= Humphrey Toy =

Humphrey Toy (1537 – 16 October 1577) was an English bookseller and publisher, and the son of bookseller Robert Toy. In 1567, he published the first translation of New Testament in Welsh from the original Greek, translated by his close friend William Salesbury. Along with the Bible, Toy published the first translation of the Book of Common Prayer in Welsh, also translated by Salesbury.

==Early life==
Toy was born around 1537, the son of Robert Toy, a bookseller, and his wife who died in 1546. The Toy family was of Welsh origin. In 1551, Toy entered Queens' College, Cambridge as a sizar, but he left Cambridge before earning a degree. After Robert Toy died in 1556, most of his property passed to Toy's stepmother Elizabeth Toy with the provision that it would pass to Humphrey after her death. Until her death around 1558, Toy assisted his stepmother in running his father's shop and publishing interests. At some point during this period, Toy married Margaret Revell.

==Publishing career==
Toy entered work with the Stationer's Company in August 1560, and served as the company's renter warden from 1561 to 1563. Toy later rose through the ranks of the company, and served twice as its underwarden in 1571 and 1573. While working at the Stationer's Company, Toy took control of the bookshop that he inherited from his father and stepmother. Toy's shop was known as the Helmet, because of the helmet depicted on its sign, and Toy was granted a seventy-year lease on the location of the shop.

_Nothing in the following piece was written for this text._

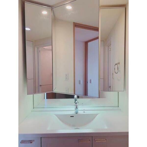 独立洗面台とウォシュレット付きトイレを備えた水回りは、毎日の使いやすさと清潔感が魅力です。三面鏡収納付きの独立洗面台は、化粧品や日用品をすっきり整理でき、洗面ボウルの両サイドには物を置けるスペースも確保。凹凸の少ないデザインで汚れがたまりにくく、掃除がしやすい点も嬉しいポイントです。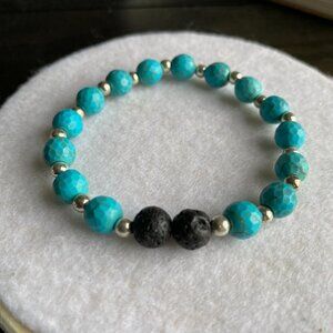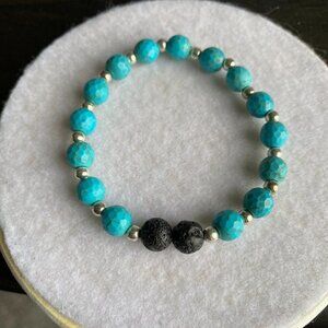 This is a handmade by me turquoise beaded bracelet with silver separaters and three lava rocks for essential oils if you choose to. Approximately 7". Never worn!

While at the Stationer's Company, Toy became an active printer and publisher, and became particularly interested in religious works. He worked closely with Christopher Plantin of Antwerp, who helped Toy acquire a large collection of European protestant works. Toy also entered into a dispute, along with three other printers, with Richard Jugge, over the right to print Bibles in English.

===Work with William Salesbury===
Possibly because of his Welsh background, Toy formed a friendship with the Welsh scholar William Salesbury, and worked with him professionally on several occasions. In 1567, Toy financed and published Salesbury's translation of New Testament in Welsh, the first translation made into Welsh from the original Greek. That same year, Toy financed and published Salesbury's translation of the Book of Common Prayer into Welsh, the first such translation.

Both the Bible and the Book of Common Prayer were printed by Henry Bynneman, with financing and oversight from Toy. Toy was recognized on the first page of Book of Common Prayer for providing "the costes and charges" of the publication.

After the Book of Common Prayer and New Testament, Toy also published a guide to Welsh pronunciation, and several smaller works for Salesbury.

==Death==
Toy died on 16 October 1577 and was buried at All Saints' Church, Bristol. After his death, his widow Margaret and his apprentice Thomas Chard took control of his estate, and continued his work in both publishing and bookselling. Chard operated the Helmet until 1585, and it subsequently changed hands several times before disappearing in 1607.

Approximately thirty works printed by Toy are still in existence; among these, an edition of Richard Grafton's Chronicle that he printed is the most notable.